#### Goal of the exercise
Please copy every record below exactly and leave out the pictures.

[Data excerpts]
'''

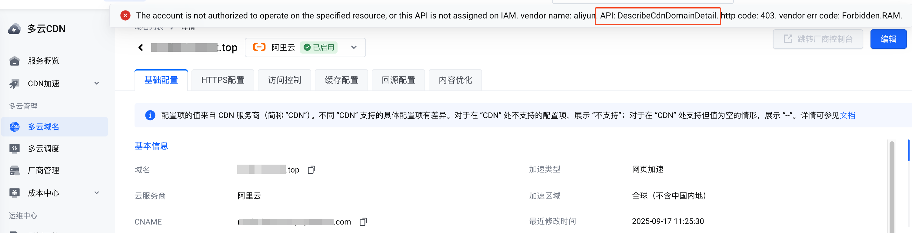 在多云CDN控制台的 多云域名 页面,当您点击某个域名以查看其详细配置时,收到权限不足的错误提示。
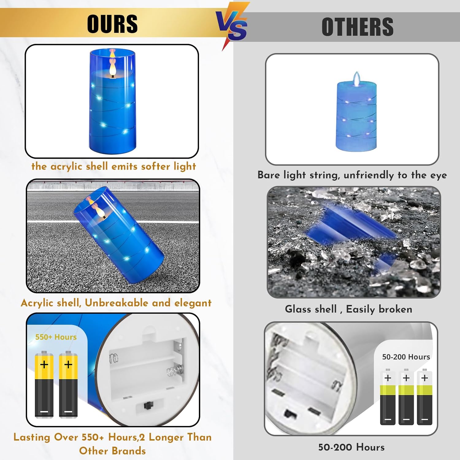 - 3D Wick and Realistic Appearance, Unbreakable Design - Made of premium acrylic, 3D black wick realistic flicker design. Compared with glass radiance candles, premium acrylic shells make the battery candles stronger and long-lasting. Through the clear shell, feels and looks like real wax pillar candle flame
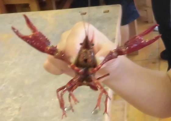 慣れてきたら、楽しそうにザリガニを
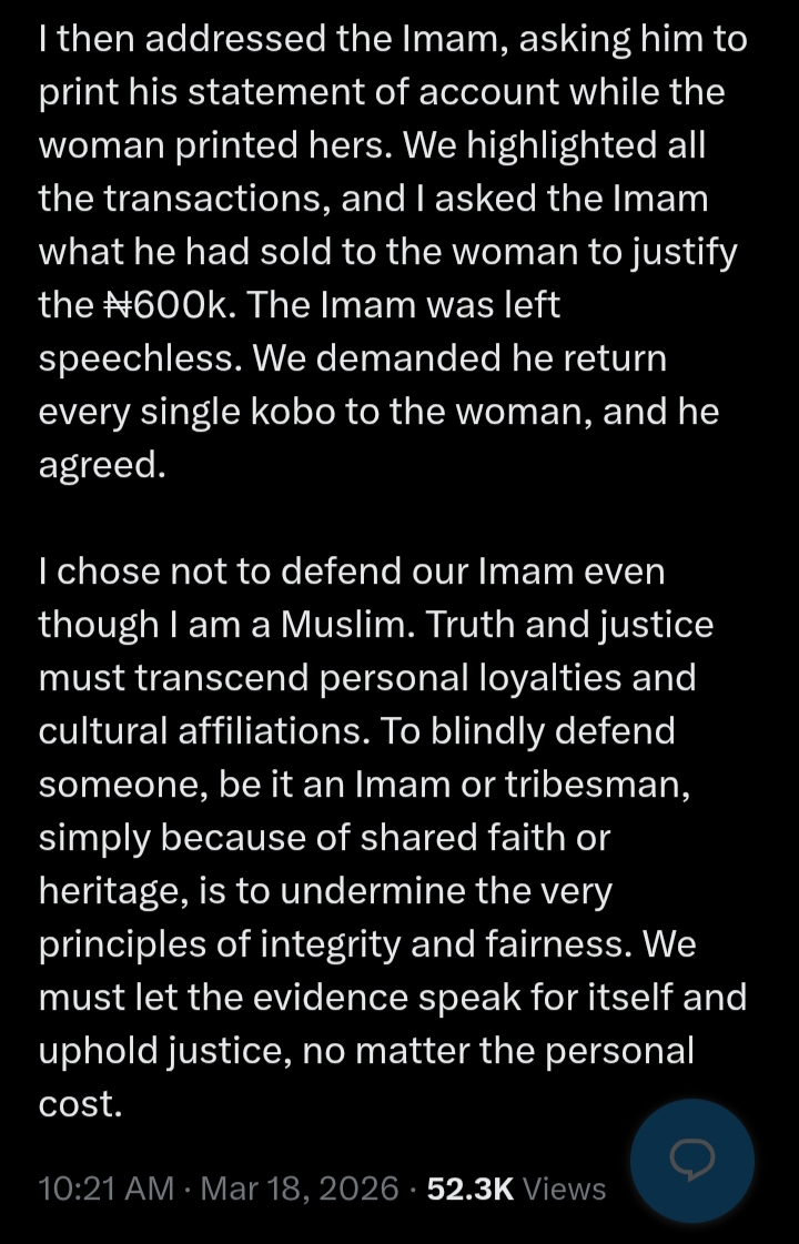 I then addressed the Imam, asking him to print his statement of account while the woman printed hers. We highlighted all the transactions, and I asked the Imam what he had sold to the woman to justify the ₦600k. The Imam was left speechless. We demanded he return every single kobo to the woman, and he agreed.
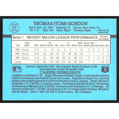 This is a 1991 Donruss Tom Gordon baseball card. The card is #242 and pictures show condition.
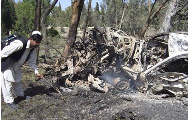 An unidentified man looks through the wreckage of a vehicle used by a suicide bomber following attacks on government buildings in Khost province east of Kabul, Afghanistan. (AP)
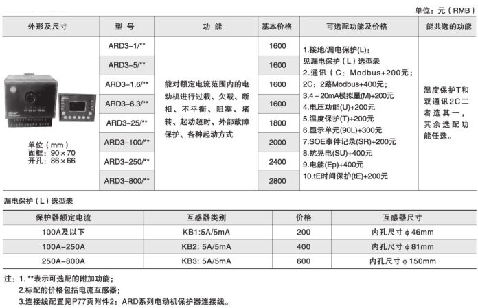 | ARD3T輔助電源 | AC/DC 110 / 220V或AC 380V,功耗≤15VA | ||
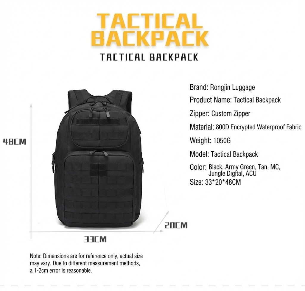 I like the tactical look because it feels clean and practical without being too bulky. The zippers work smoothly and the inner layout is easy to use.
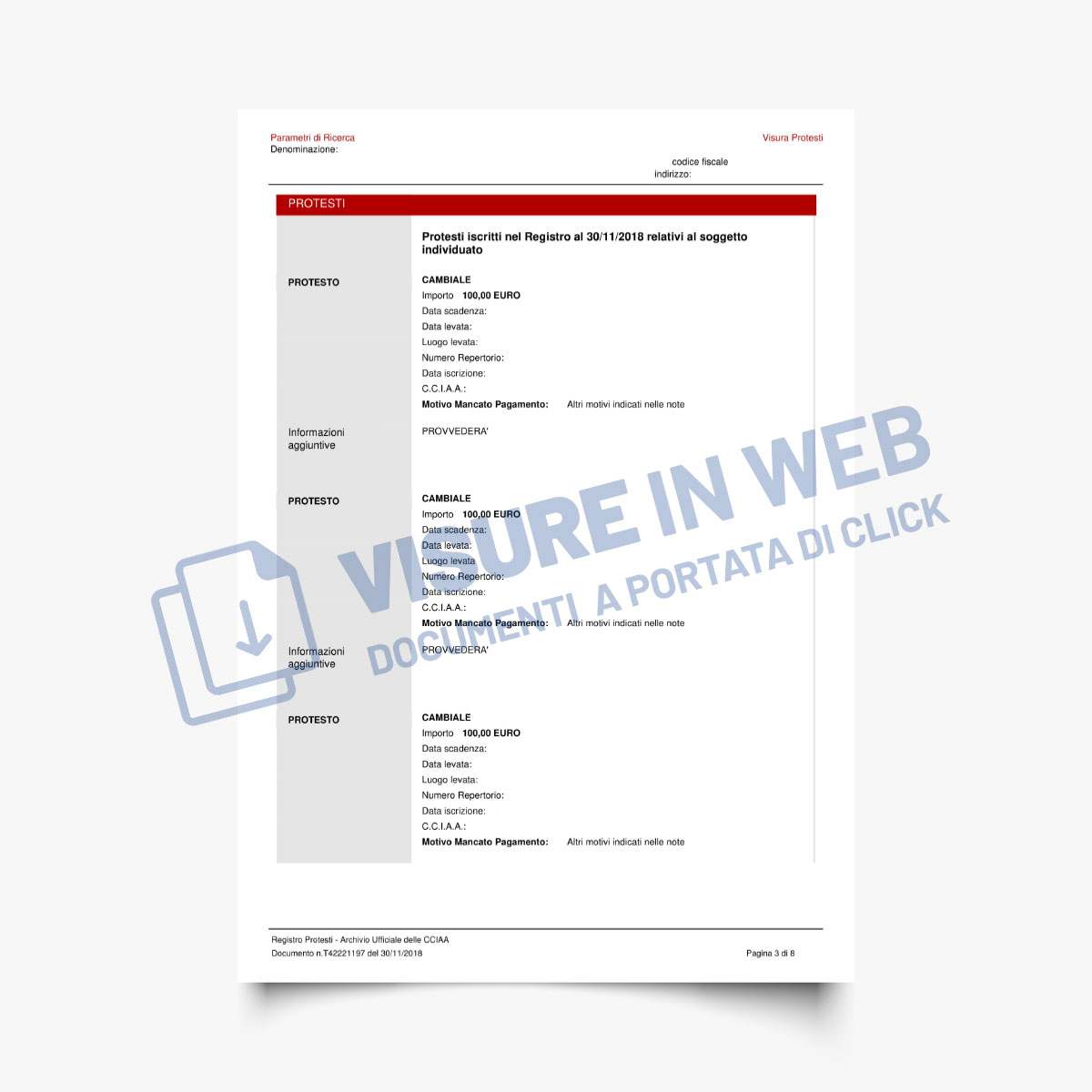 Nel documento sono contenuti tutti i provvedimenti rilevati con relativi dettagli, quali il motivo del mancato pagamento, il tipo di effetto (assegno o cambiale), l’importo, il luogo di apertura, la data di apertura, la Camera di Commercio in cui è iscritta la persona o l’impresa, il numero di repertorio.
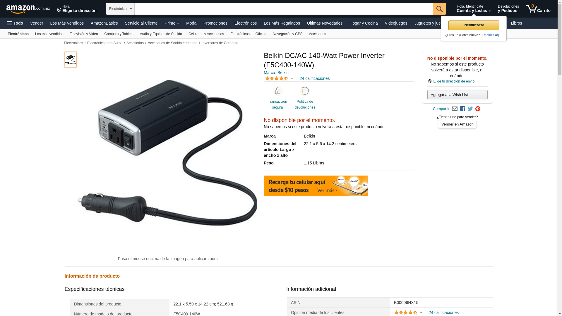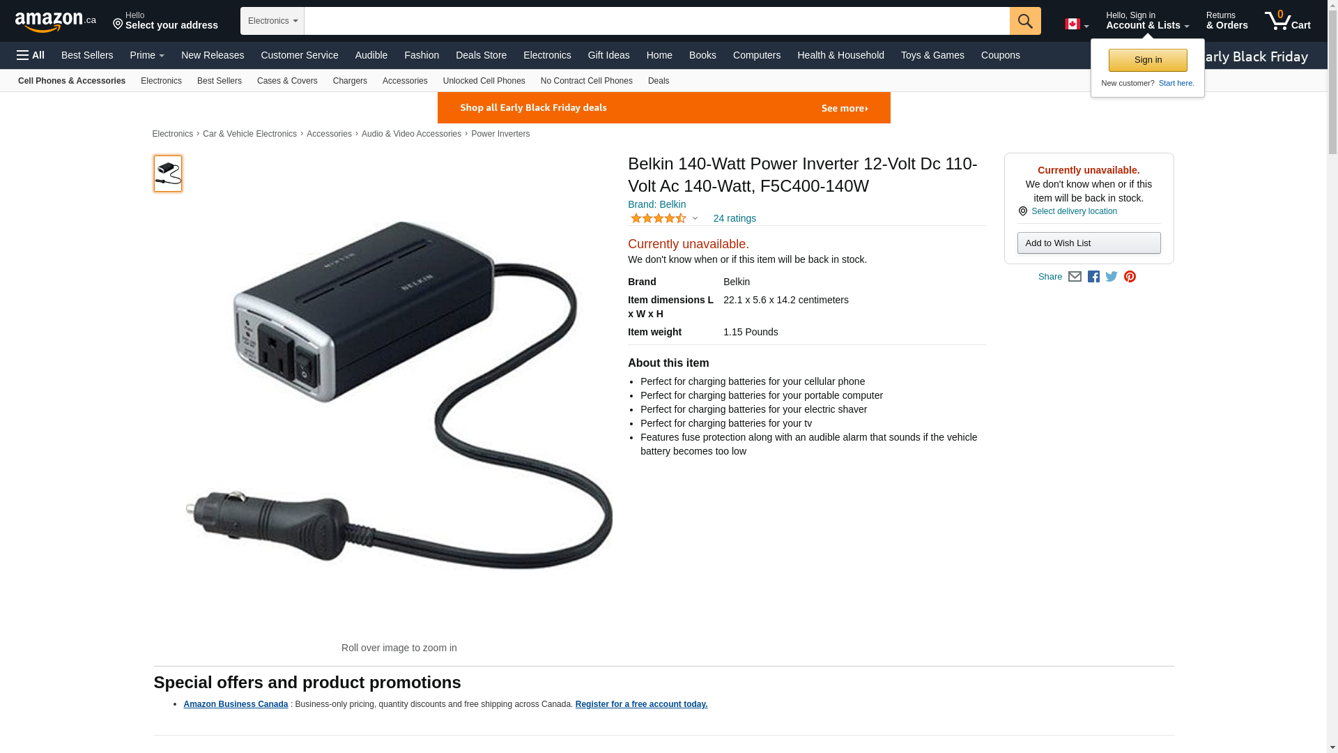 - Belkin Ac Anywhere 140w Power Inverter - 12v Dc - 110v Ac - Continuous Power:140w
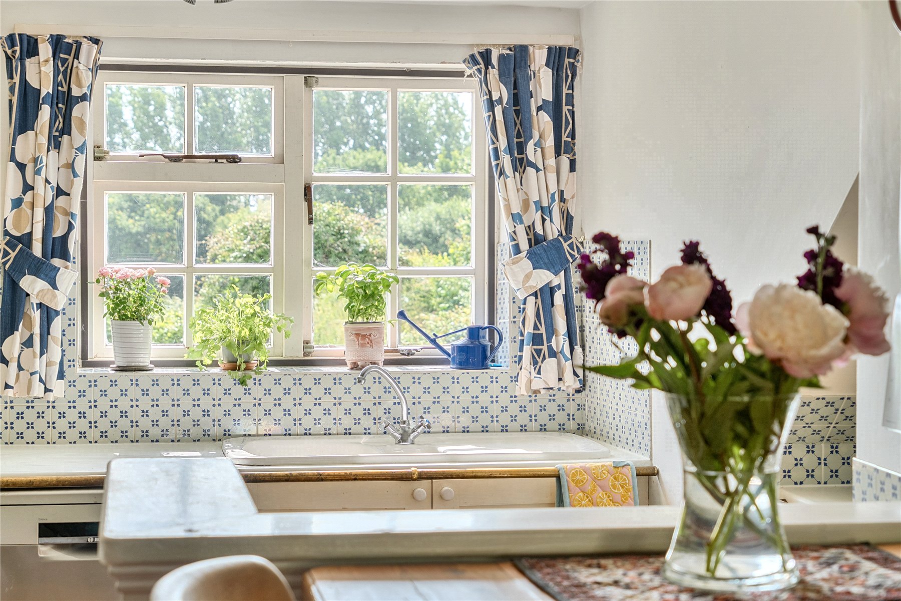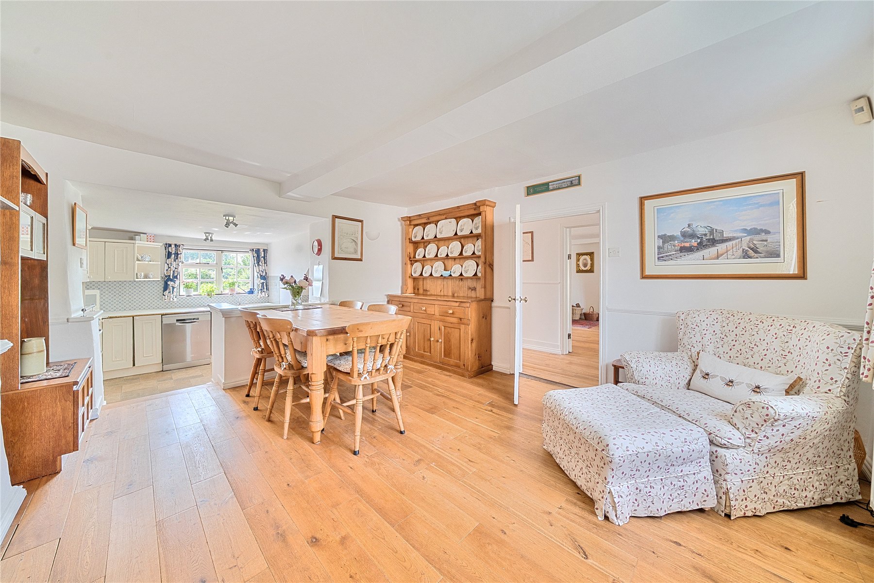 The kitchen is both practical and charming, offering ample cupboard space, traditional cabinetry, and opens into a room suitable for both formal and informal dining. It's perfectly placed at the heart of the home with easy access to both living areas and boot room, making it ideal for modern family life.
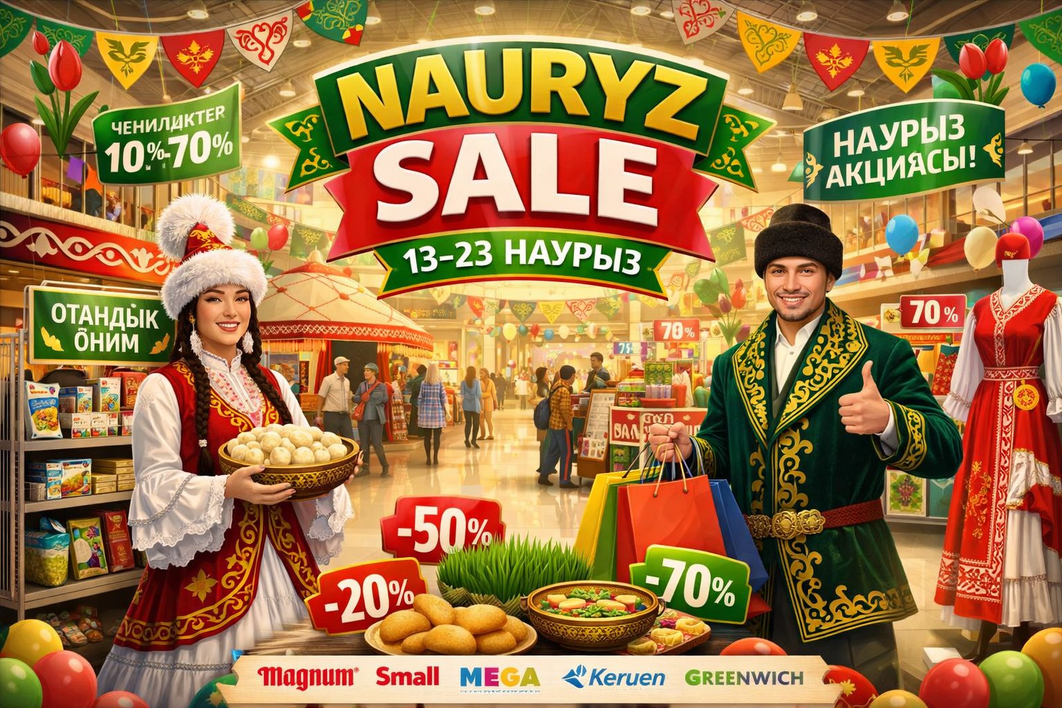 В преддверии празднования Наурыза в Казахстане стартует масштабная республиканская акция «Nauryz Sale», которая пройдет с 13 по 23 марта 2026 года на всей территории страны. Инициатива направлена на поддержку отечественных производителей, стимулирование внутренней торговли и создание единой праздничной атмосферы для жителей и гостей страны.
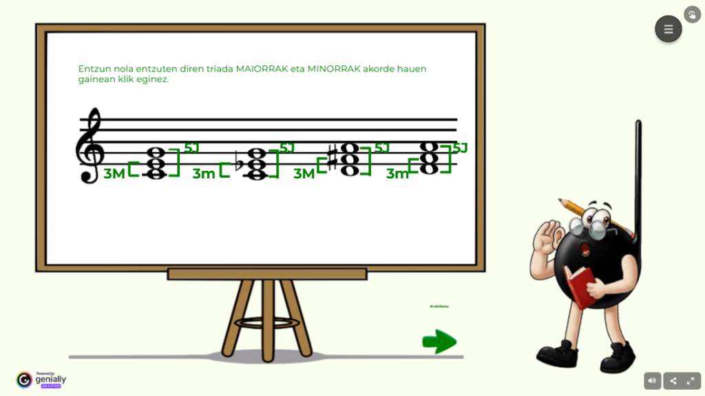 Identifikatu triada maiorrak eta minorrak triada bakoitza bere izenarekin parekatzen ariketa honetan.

'''

#### Answer space
 在多云CDN控制台的 多云域名 页面,当您点击某个域名以查看其详细配置时,收到权限不足的错误提示。
 - 3D Wick and Realistic Appearance, Unbreakable Design - Made of premium acrylic, 3D black wick realistic flicker design. Compared with glass radiance candles, premium acrylic shells make the battery candles stronger and long-lasting. Through the clear shell, feels and looks like real wax pillar candle flame
 慣れてきたら、楽しそうにザリガニを
 I then addressed the Imam, asking him to print his statement of account while the woman printed hers. We highlighted all the transactions, and I asked the Imam what he had sold to the woman to justify the ₦600k. The Imam was left speechless. We demanded he return every single kobo to the woman, and he agreed.
 This is a 1991 Donruss Tom Gordon baseball card. The card is #242 and pictures show condition.
 An unidentified man looks through the wreckage of a vehicle used by a suicide bomber following attacks on government buildings in Khost province east of Kabul, Afghanistan. (AP)
 | ARD3T輔助電源 | AC/DC 110 / 220V或AC 380V,功耗≤15VA | ||
 I like the tactical look because it feels clean and practical without being too bulky. The zippers work smoothly and the inner layout is easy to use.
 Nel documento sono contenuti tutti i provvedimenti rilevati con relativi dettagli, quali il motivo del mancato pagamento, il tipo di effetto (assegno o cambiale), l’importo, il luogo di apertura, la data di apertura, la Camera di Commercio in cui è iscritta la persona o l’impresa, il numero di repertorio.
 - Belkin Ac Anywhere 140w Power Inverter - 12v Dc - 110v Ac - Continuous Power:140w
 The kitchen is both practical and charming, offering ample cupboard space, traditional cabinetry, and opens into a room suitable for both formal and informal dining. It's perfectly placed at the heart of the home with easy access to both living areas and boot room, making it ideal for modern family life.
 В преддверии празднования Наурыза в Казахстане стартует масштабная республиканская акция «Nauryz Sale», которая пройдет с 13 по 23 марта 2026 года на всей территории страны. Инициатива направлена на поддержку отечественных производителей, стимулирование внутренней торговли и создание единой праздничной атмосферы для жителей и гостей страны.
 Identifikatu triada maiorrak eta minorrak triada bakoitza bere izenarekin parekatzen ariketa honetan.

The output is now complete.